Distributed Training
Splitting model training across multiple GPUs or machines to handle larger models or datasets and reduce training time. Techniques include data parallelism and model parallelism.
Why It Matters
Distributed training is how frontier models are built — no single GPU can train a model like GPT-4. It requires orchestrating thousands of GPUs working in concert.
Example
Training a 70B parameter model across 256 GPUs using data parallelism (each GPU processes different batches) and model parallelism (each GPU holds part of the model).
Think of it like...
Like building a skyscraper with multiple construction crews working on different floors simultaneously — much faster than one crew doing everything sequentially.
Related Terms
GPU
Graphics Processing Unit — originally designed for rendering graphics, GPUs excel at the parallel mathematical operations needed for training and running AI models.

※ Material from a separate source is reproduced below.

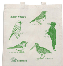
朱鞠内へ毎年訪れるかわいい鳥たちをあしらったオリジナルエコバッグ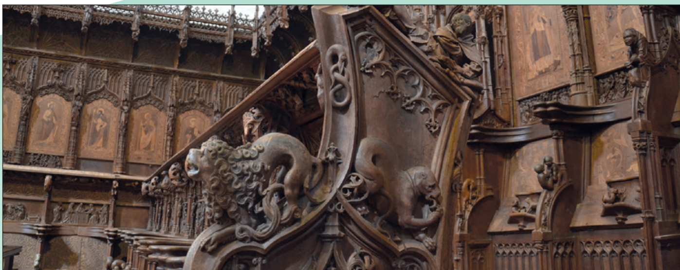
Detalle sillería del coro.

en los brazos y en las misericordias están representadas escenas históricas y escenas de personajes de la vida cotidiana.

They are the primary hardware for modern AI.
Compute
The computational resources (processing power, memory, time) required to train or run AI models. Compute is measured in FLOPs (floating-point operations) and is a primary constraint and cost in AI development.
Data Parallelism
A distributed training approach where the training data is split across multiple GPUs, each holding a complete copy of the model. Gradients are averaged across GPUs after each batch.
Model Parallelism
A distributed training approach where the model itself is split across multiple GPUs, with each GPU holding and computing a different portion of the model.